Can't get 404 Page Checker Code to work

aba212 · June 19, 2023, 1:45pm

I want to be able to put a list of websites into this program and the program to crawl all pages of the websites I entered, to then check for any 404 pages. Then I want the program to create a csv file with two columns, in the left column all websites I entered, and in the right column, the status of the websites, with either “no 404 pages found on this website” or “404 pages found on this website”. Or “website not found” if the website can’t be reached. This is the code I tried to build but it’s not working. If you could tell me what I’m doing wrong and how to fix, that would be amazing! Thanks in advance!

Code:

import csv

import scrapy

from scrapy.crawler import CrawlerRunner

from scrapy.spiders import CrawlSpider, Rule

from scrapy.linkextractors import LinkExtractor

from scrapy.utils.project import get_project_settings

from twisted.internet import reactor





class PageChecker(CrawlSpider):

    name = 'page_checker'

    custom_settings = {

        'DOWNLOAD_DELAY': 1,

        'CONCURRENT_REQUESTS': 4,

        'USER_AGENT': 'Mozilla/5.0 (compatible; Googlebot/2.1; +http://www.google.com/bot.html)',

        'LOG_LEVEL': 'ERROR'

    }



    def __init__(self, websites=None, **kwargs):

        self.start_urls = websites

        self.allowed_domains = [self.extract_domain(url) for url in websites]

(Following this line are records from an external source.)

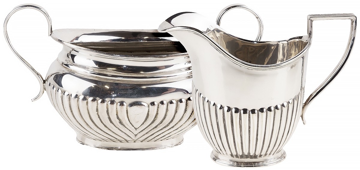Сливочник и сахарница, набор для сервировки чайного стола антикварный. Металл, серебрение. Sheffield. Металл, серебрение. Великобритания, начало 20 века
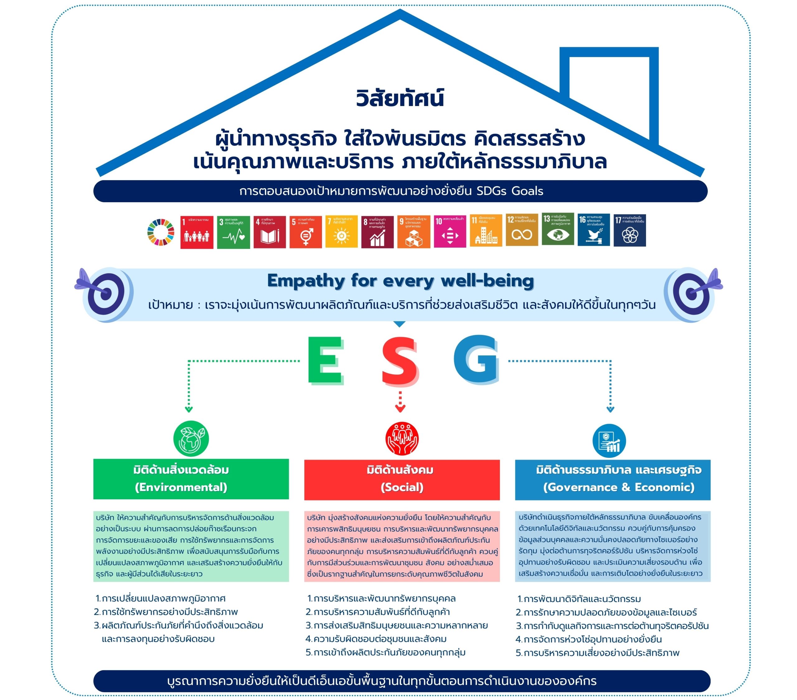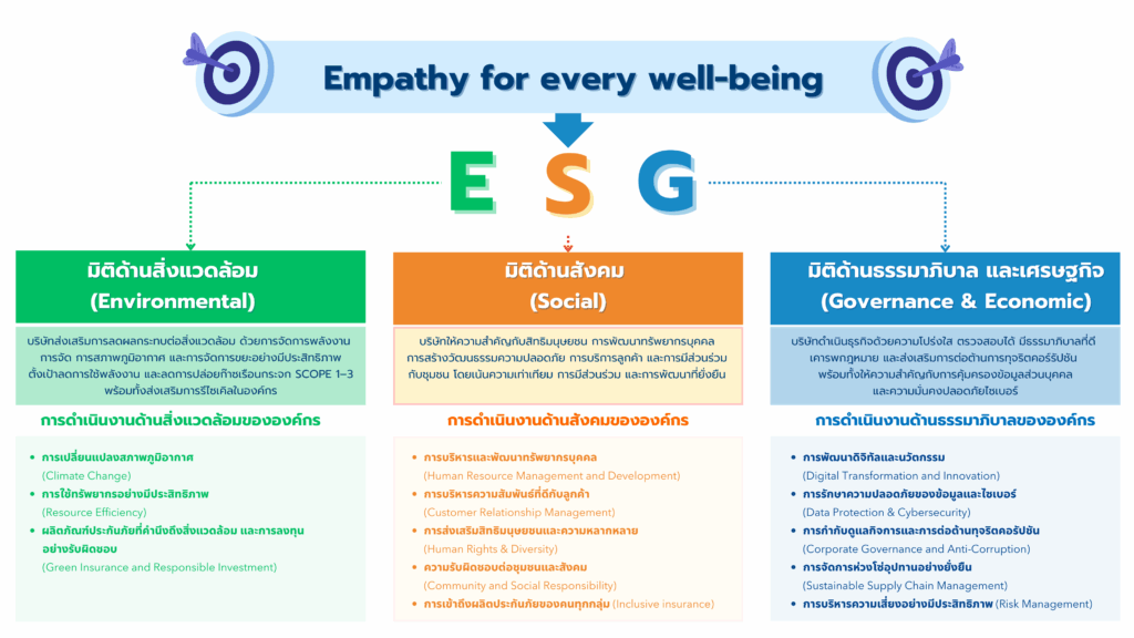 บริษัทได้ตั้งเป้าหมายการขับเคลื่อนการดำเนินงานด้านความยั่งยืนภายใต้แนวคิด “Empathy for every well-being” คือ เราจะมุ่งเน้นการพัฒนาผลิตภัณฑ์และบริการที่ช่วยส่งเสริมชีวิต และสังคมให้ดีขึ้นในทุกๆวัน จึงได้กำหนดกรอบกลยุทธ์การขับเคลื่อนธุรกิจเพื่อความยั่งยืนบนพื้นฐานการกำกับดูแลกิจการที่ดี (Good Corporate Governance) และการดำเนินธุรกิจภายใต้หลักความยั่งยืน ครอบคลุมประเด็นสาระสำคัญในด้านสิ่งแวดล้อม สังคม ธรรมาภิบาลและเศรษฐกิจ Environmental Social Governance and economic (ESG) เชื่อมโยงกับแผนการดำเนินงานของฝ่ายงานต่าง ๆ ที่เกี่ยวข้องโดยแบ่งออกเป็น 3 มิติ
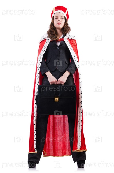 Бизнес-леди в королевском костюме, изолированная на белом фоне
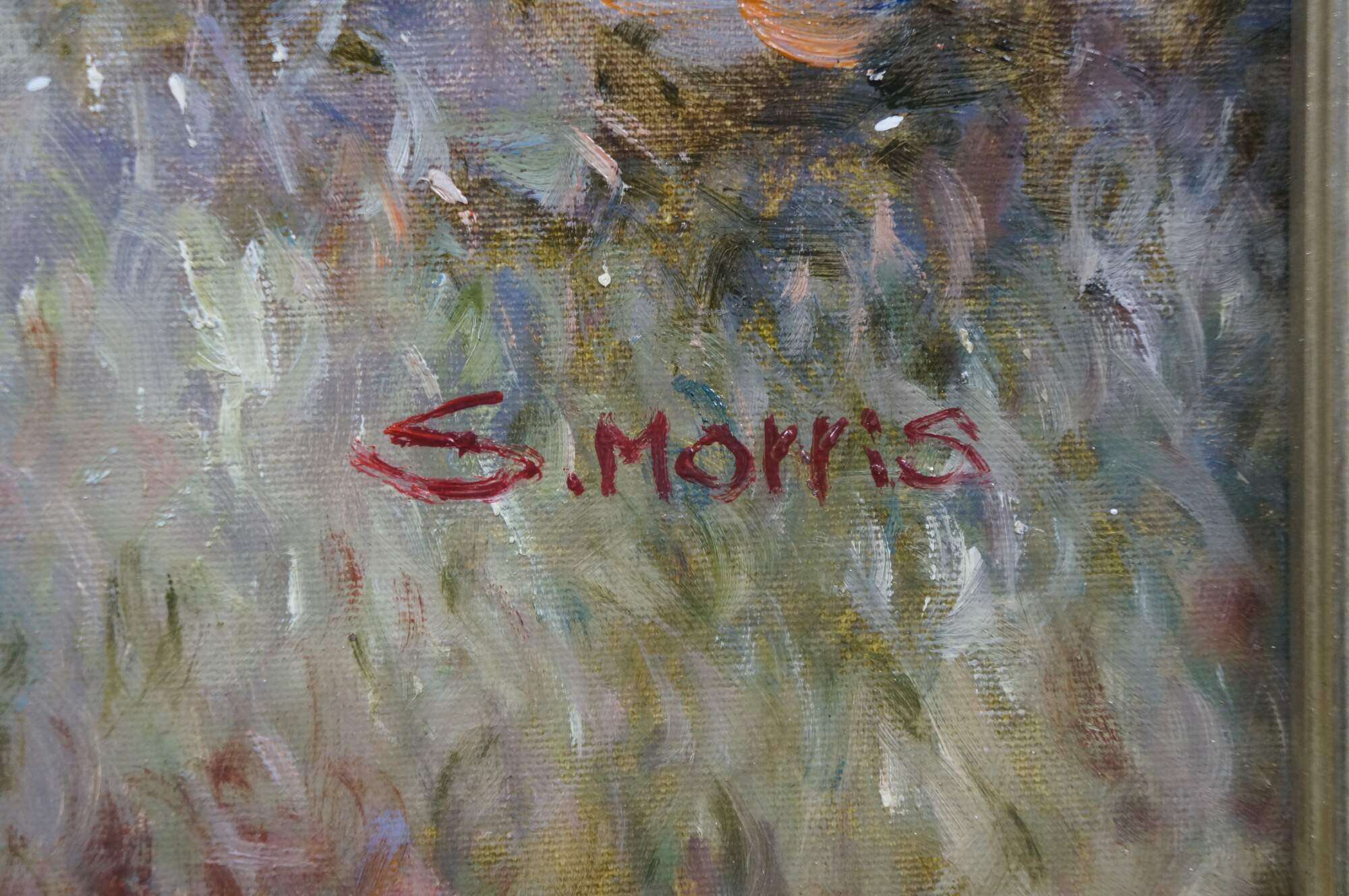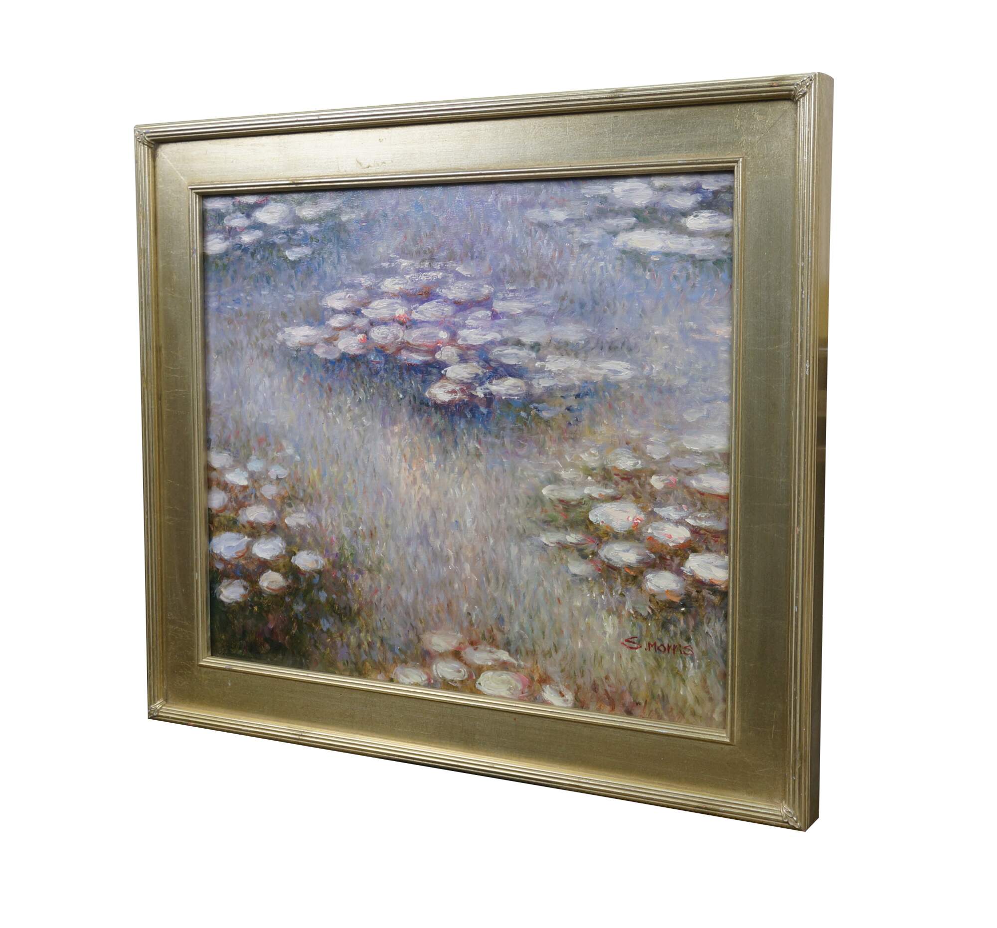 Late 20th century oil on canvas impressionist style painting after one of Claude Monet's many depictions of Water Lilies. Depicts clusters of lily pads in shades of violet, green, and blue. Signed S. Morris, lower right. Gilt composite frame.
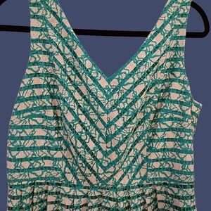 Step out in style with this elegant teal and white lace dress. Perfect for any occasion, this dress combines comfort and fashion effortlessly. NWOT $169
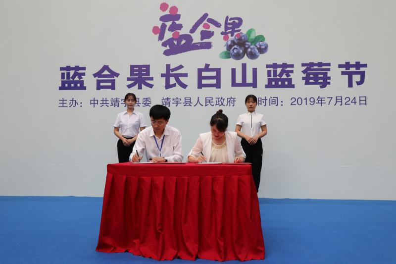7月24日,在“中国·靖宇‘蓝合果’长白山蓝莓节”开幕式上,吉林农业大学与靖宇县签订校县合作协议。学校党委书记席岫峰、副校长张越杰和白山市人大常委会副主任、靖宇县委书记毕增祥,县人大常委会主任邓燕,县委副书记、县长全洪宝,我校优秀校友、县政协主席于炜修等出席了签约仪式并参加“蓝合果”长白山蓝莓节开幕式。
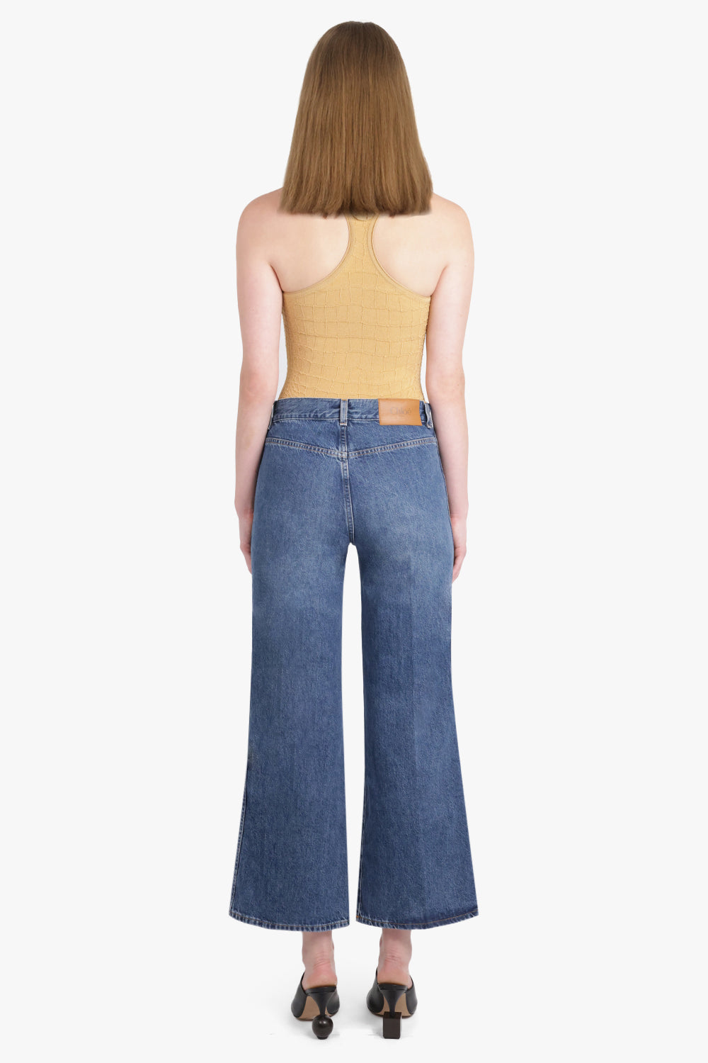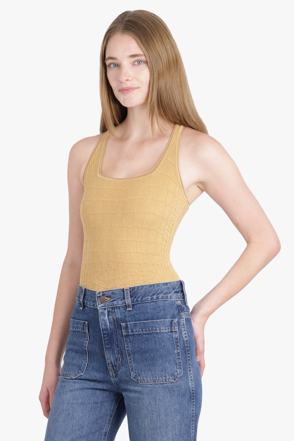 This fitted racerback tank-top is expertly crafted with crocodile embossed stretch viscose fabric, creating a sleek and comfortable design. The square neckline and "J" locker loop on the race-back add a stylish touch to this top.
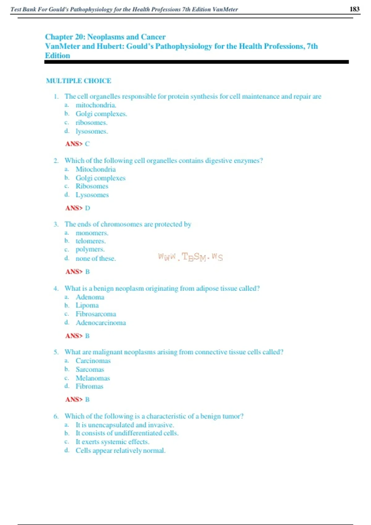 , Test Bank For Gould's Pathophysiology for the Health Professions 7th Edition VanMeter 185
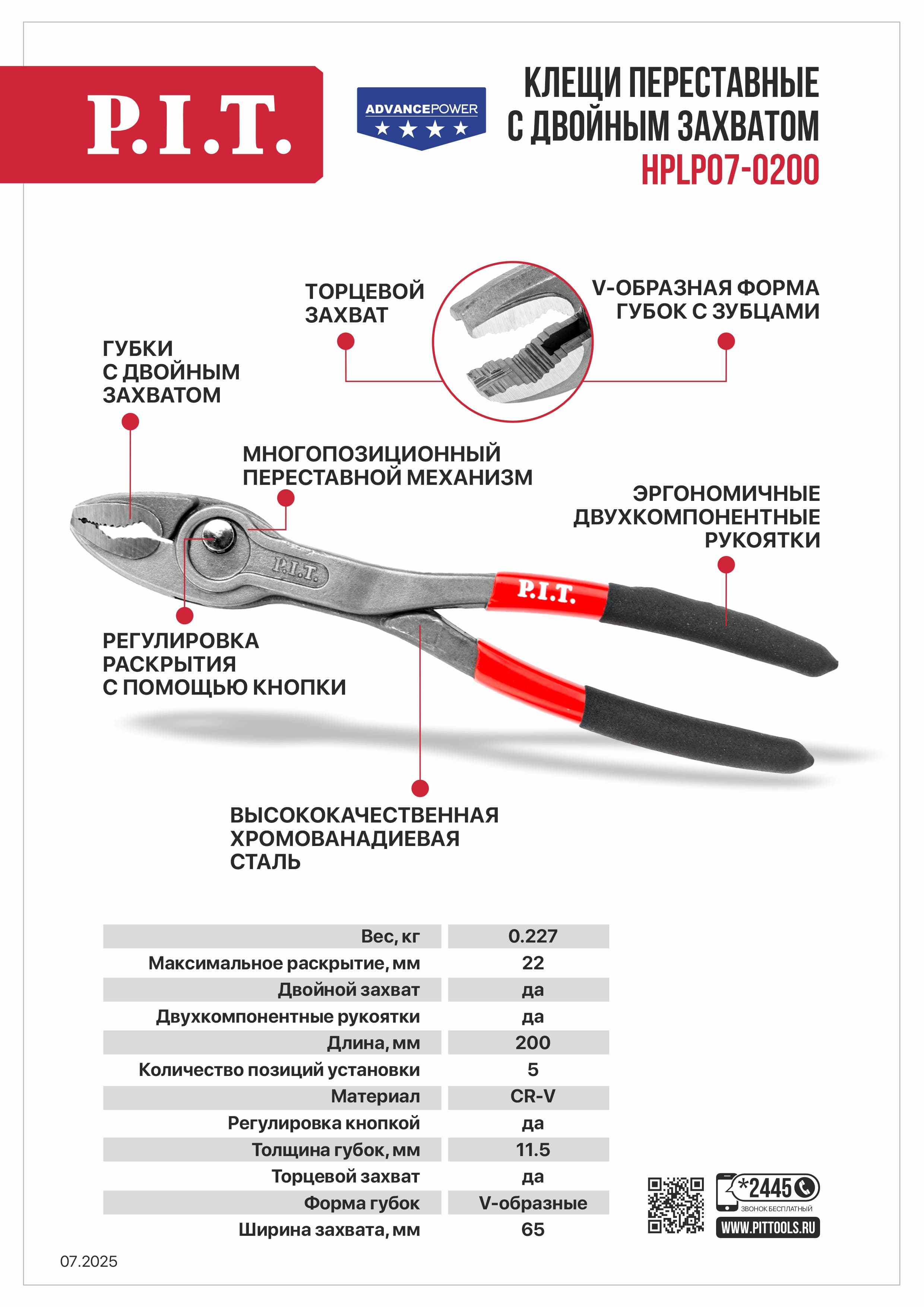 Клещи переставные HPLP07-0200 серии ADVANCE применяются в самых разнообразных сферах: при ремонтных, строительных, сантехнических, демонтажных и других работах.
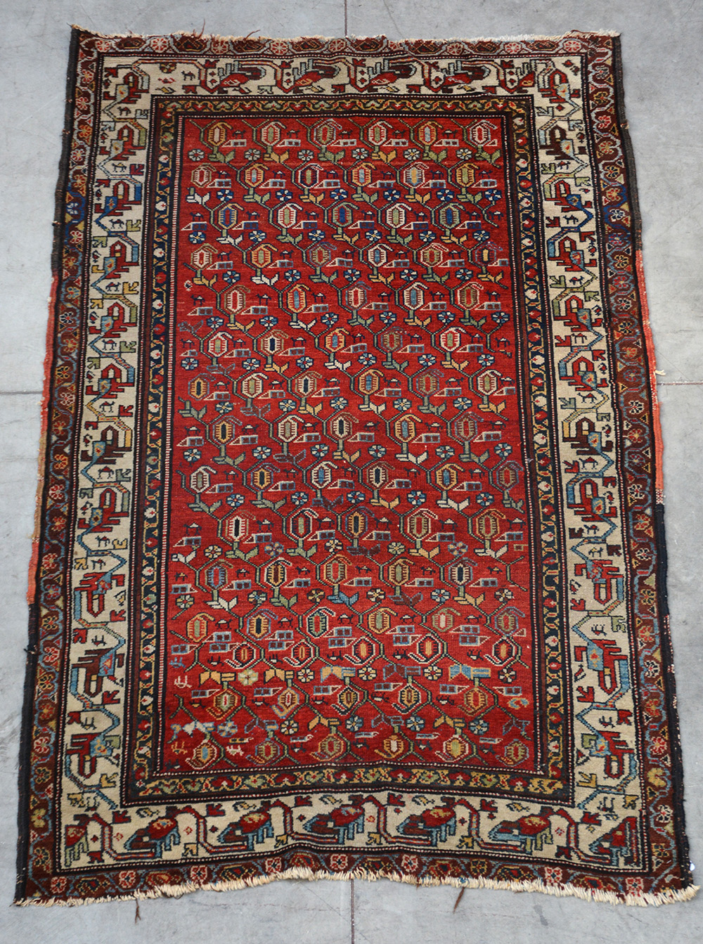 Tappeto Sarab, Persia inizio secolo XX, disegno a file di boteh su fondo rosso (cm 183x113) (difetti)
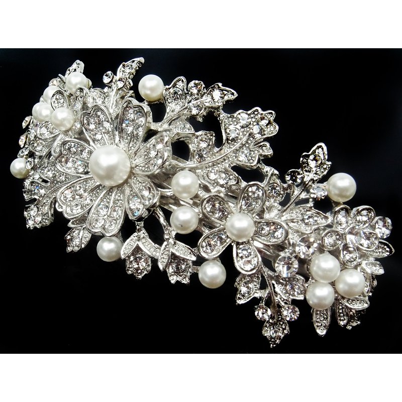 Beautyxyz Bridal Headpiece with Imitation Pearl Rhinestone hair barrette hair clip
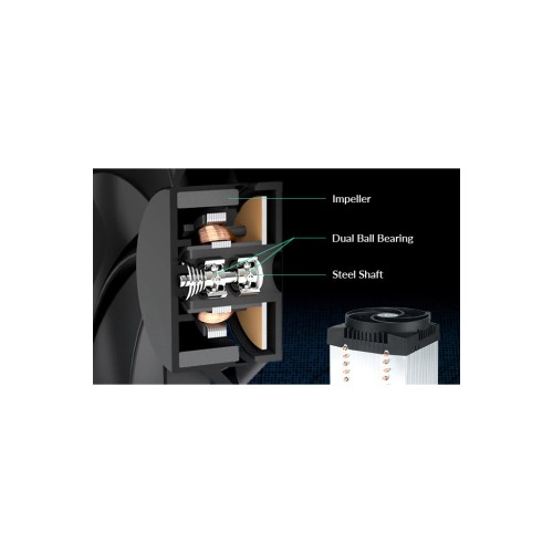Обидва вентилятори Freezer 4U-M обладнані подвійними шарикопідшипниками, що дає змогу забезпечити безперервну роботу в режимі 24/7 без найменшого збитку для продуктивності. Цей тип підшипників набагато стійкіший до забруднення і зносу під впливом високих температур, ніж звичайні підшипники ковзання або гідродинамічні підшипники, і тому є ідеальним вибором, якщо ви хочете забезпечити безвідмовну безперервну роботу.
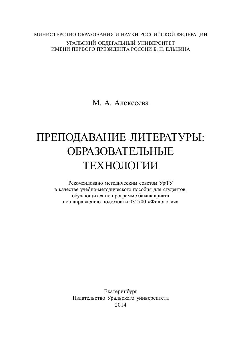 Преподавание литературы: образовательные технологии: учеб.-метод. пособие
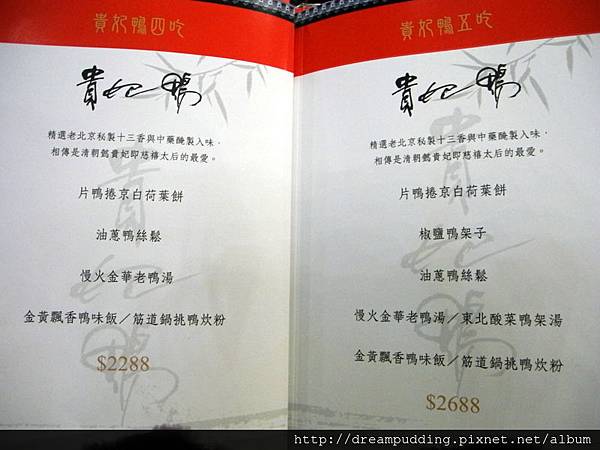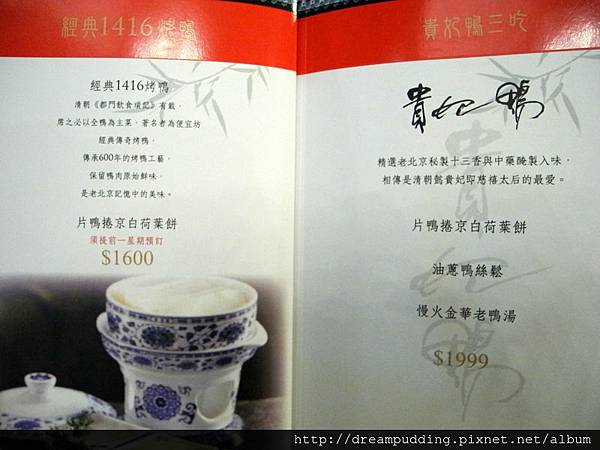 MENU組合有許多種,有針對烤鴨的幾吃。

        self.rules = [Rule(LinkExtractor(allow=()), callback=self.parse_page, follow=True)]

        self.results = {}  # Track results for each URL

        super().__init__(**kwargs)



    @staticmethod

    def extract_domain(url):

        return url.split('//')[-1].split('/')[0]



    def parse_page(self, response):

        status_code = response.status

        if status_code == 404:

            self.results.setdefault(response.url, True)



    def closed(self, reason):

        save_to_csv(self.results)





def check_404_pages(websites):

    results = {}



    runner = CrawlerRunner(get_project_settings())



    for website in websites:

        runner.crawl(PageChecker, websites=[website], results=results)  # Pass the spider class and results dictionary



    d = runner.join()

    d.addBoth(lambda _: save_to_csv(results))  # Save results to CSV after the crawl is complete





def save_to_csv(results):

    csv_file_path = '404_results.csv'



    with open(csv_file_path, 'w', newline='') as csvfile:

        writer = csv.writer(csvfile)

        writer.writerow(['URL', 'Status'])

        for url, _ in results.items():

            writer.writerow([url, '404 Pages Found'])



    if not results:

        print("No 404 pages found.")

    else:

        print("CSV file created successfully.")





websites = [

    "https://osteopathie.org",

    "https://hpo-osteopathie.de",

    "https://osteopathiezentrum.de"

    

]



# Check for 404 pages by crawling all pages of the websites and save the results to a CSV file

check_404_pages(websites)

reactor.run()

Kind regards,

Arthur

Rosuav · June 19, 2023, 1:53pm

What about the code isn’t working?

Also, I find it curious that you announce yourself as Googlebot, is that intentional?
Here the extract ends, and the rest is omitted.